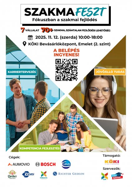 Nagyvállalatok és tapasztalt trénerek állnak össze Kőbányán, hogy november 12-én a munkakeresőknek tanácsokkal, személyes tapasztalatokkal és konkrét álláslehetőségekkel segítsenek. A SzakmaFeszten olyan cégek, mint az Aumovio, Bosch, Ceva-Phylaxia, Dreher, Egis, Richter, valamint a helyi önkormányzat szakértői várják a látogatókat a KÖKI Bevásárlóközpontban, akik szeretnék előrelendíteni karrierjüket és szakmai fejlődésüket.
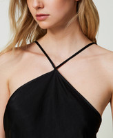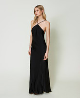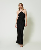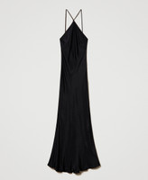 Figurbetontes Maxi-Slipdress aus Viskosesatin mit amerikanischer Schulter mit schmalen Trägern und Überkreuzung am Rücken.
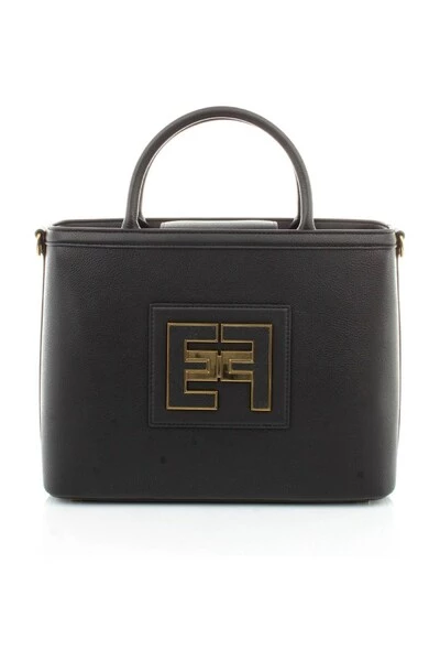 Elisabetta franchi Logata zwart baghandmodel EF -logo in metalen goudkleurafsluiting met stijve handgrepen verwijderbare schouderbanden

--

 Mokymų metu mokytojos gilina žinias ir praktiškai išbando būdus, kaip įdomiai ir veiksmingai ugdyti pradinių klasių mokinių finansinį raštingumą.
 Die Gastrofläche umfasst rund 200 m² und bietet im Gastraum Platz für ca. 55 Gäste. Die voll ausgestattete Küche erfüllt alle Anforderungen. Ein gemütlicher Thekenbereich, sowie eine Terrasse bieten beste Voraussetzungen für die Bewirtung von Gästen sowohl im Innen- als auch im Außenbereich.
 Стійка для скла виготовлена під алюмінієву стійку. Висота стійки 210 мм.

--

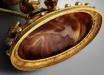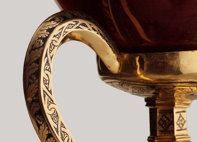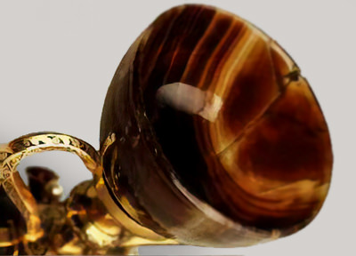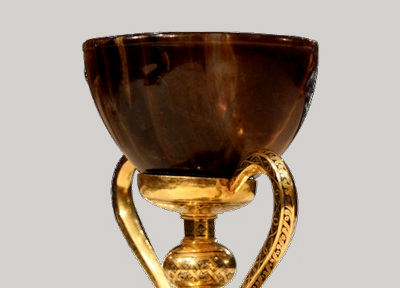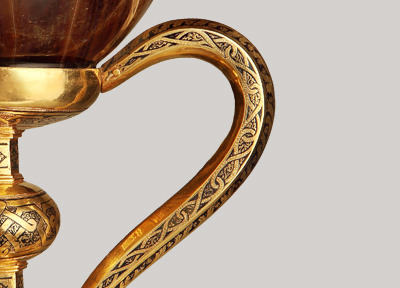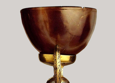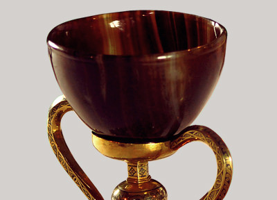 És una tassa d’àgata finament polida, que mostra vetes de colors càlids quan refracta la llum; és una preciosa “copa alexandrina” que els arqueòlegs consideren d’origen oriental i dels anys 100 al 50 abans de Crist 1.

--

» **EXERCISE AIM**
Return the stretch of data that begins with the line showing "Figurbetontes Maxi-Slipdress aus" and goes on through the line showing "Elisabetta franchi Logata", exactly, with pictures removed.

» **ANSWER TO THIS EXERCISE**
 Figurbetontes Maxi-Slipdress aus Viskosesatin mit amerikanischer Schulter mit schmalen Trägern und Überkreuzung am Rücken.
 Elisabetta franchi Logata zwart baghandmodel EF -logo in metalen goudkleurafsluiting met stijve handgrepen verwijderbare schouderbanden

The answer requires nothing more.